Mr. Hughes, for the intervener, testified: That he was not sure that he was in Breckenridge on the day when the controversy arose out of the removal of the machinery from the building, but was in the town in a day or two. That he talked to Mr. David and asked him what was the trouble. That David wanted $500 for the back rent, and he told him that was too much, but he would let it rock along. That he believed the agreement was that they would move the machinery back into the building, and he told him that they would leave it there until they could arrive at some agreement on the rent. It was very exorbitant. That a man named Madden had charge of this machinery, and he was called away on account of sickness, and the intervener left the machinery in the building until it could get in touch with Madden to see Just what arrangement he had made with David. He had paid some rent, and intervener wanted to know what the rental was, how much was due, and whether there was a contract signed for it. That David was later paid all claims for rent up to the time the machinery was sold to Roe. He denied that he agreed with plaintiff to leave the machinery in the building until all the rent claimed was paid. That this conversation occurred before they sold the machinery to Roe. Hughes testified that this conversation about the rent occurred before April 15, 1921, on which latter date they sold the property to Roe. It appears that plaintiff purchased the building on August 2, 1921, but prior to that time the building was owned by the Henley Lumber Supply Company, which later became bankrupt, and that plaintiff owned some stock in that concern and was the attorney for it.
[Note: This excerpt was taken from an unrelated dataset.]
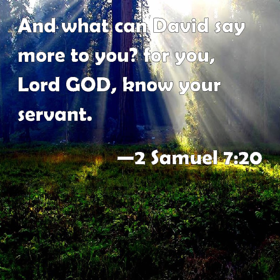 Choose a Background 2 Samuel 7:20 And what can David say more to you? for you, Lord GOD, know your servant. KJV: And what can David say more unto thee? for thou, Lord GOD, knowest thy servant. DRB: And what can David say more unto thee? for thou knowest thy servant, O Lord God: DBT: And what can David say more to thee? for thou, Lord Jehovah, knowest thy servant. ERV: And what can David say more unto thee? for thou knowest thy servant, O Lord GOD. WBT: And what can David say more to thee? for thou, Lord GOD, knowest thy servant. WEB: What more can David say to you? For you know your servant, Lord Yahweh. YLT: And what doth David add more to speak unto Thee? and Thou, Thou hast known Thy servant, Lord Jehovah.Links 2 Samuel 7:20 NIV • 2 Samuel 7:20 NLT • 2 Samuel 7:20 ESV • 2 Samuel 7:20 NASB • 2 Samuel 7:20 KJV • 2 Samuel 7:20 Interlinear • 2 Samuel 7:20 Commentaries • 2 Samuel 7:20 Parallel Texts • 2 Samuel 7:20 Bible Apps • 2 Samuel 7:20 Parallel • Bible Hub |

We are required to presume that the trial court found in favor of the intervener below upon any question supported by evidence; and since the evidence of the defendant's witness indicates that this conversation and controversy occurred before the plaintiff below had acquired the building, we would be required to find in support of the judgment that the trial court so found.
Appellant urges that the chattel mortgage filed with the county clerk of Stephens county on April 18, 1921, and under which the intervener claimed the lien, was recorded is if the intervener was the mortgagee. One who leaves an instrument with the county clerk for filing and for record in the county clerk's office, and pays the fee therefor, is not responsible for the failure of the clerk to record the same, or even to file it, or if the clerk records it in a wrong book. 34 Cyc. p. 588; Holman v. Chevaillier, 14 Tex. 837; article 6791, Rev.Civ.Stats.; Carlisle Co. v. King (Tex.Civ.App.) 122 S.W. 581, also Supreme Court opinion in 103 Tex. 620, 133 S.W. 241; Bank v. Trust Co. (Tex.Civ.App.)186 S.W. 361; Kennard v. Mabry, 78 Tex. 157, 14 S.W. 272.
Without discussing other assignments in appellant's brief, we will state that we have carefully examined all of the assignments and do not find any reversible error.
Therefore, all assignments of error are overruled, and the judgment of the trial court is affirmed.